• [Task objective] From the material below, return exactly the lines starting at the one that holds "thin gold necklace" and ending at the one that holds "LibreOffice Writerを起動して確認。日本語表示されている。". Pictures stay out of the answer.

• [Provided entries]
------------

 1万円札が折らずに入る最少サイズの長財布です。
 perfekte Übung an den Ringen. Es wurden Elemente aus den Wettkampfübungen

------------

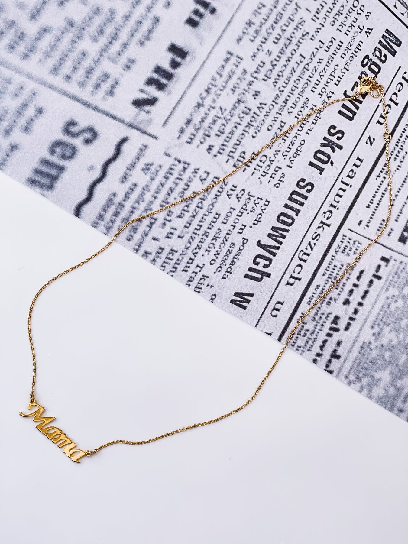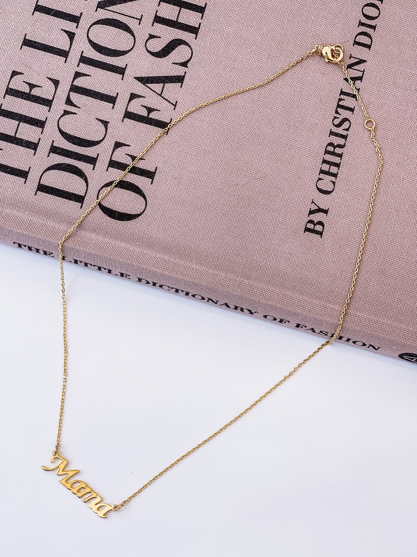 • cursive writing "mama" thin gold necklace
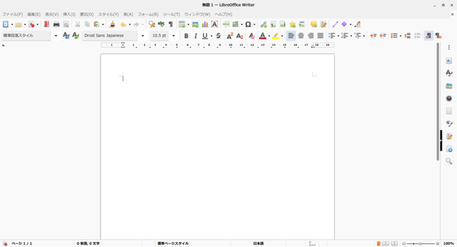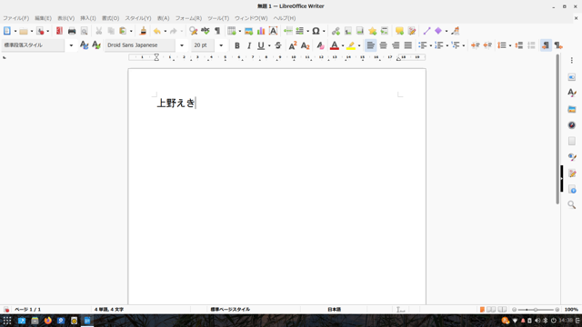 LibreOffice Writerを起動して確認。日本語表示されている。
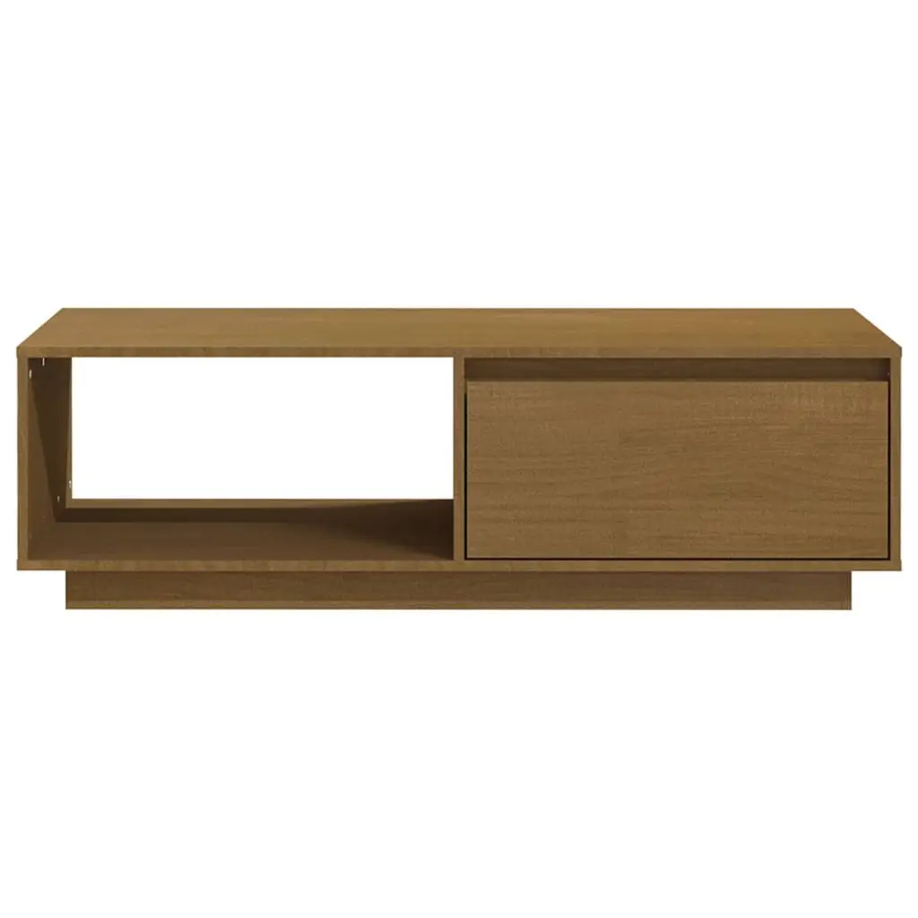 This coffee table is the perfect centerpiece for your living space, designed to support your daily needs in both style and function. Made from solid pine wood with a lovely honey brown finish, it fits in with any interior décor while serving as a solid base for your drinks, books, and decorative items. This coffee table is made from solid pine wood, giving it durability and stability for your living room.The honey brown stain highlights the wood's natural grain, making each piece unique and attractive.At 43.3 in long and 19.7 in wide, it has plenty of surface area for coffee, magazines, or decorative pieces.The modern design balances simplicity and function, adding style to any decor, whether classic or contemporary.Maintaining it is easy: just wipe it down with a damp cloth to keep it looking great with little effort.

------------

• [Solution for this exercise]
 • cursive writing "mama" thin gold necklace
 LibreOffice Writerを起動して確認。日本語表示されている。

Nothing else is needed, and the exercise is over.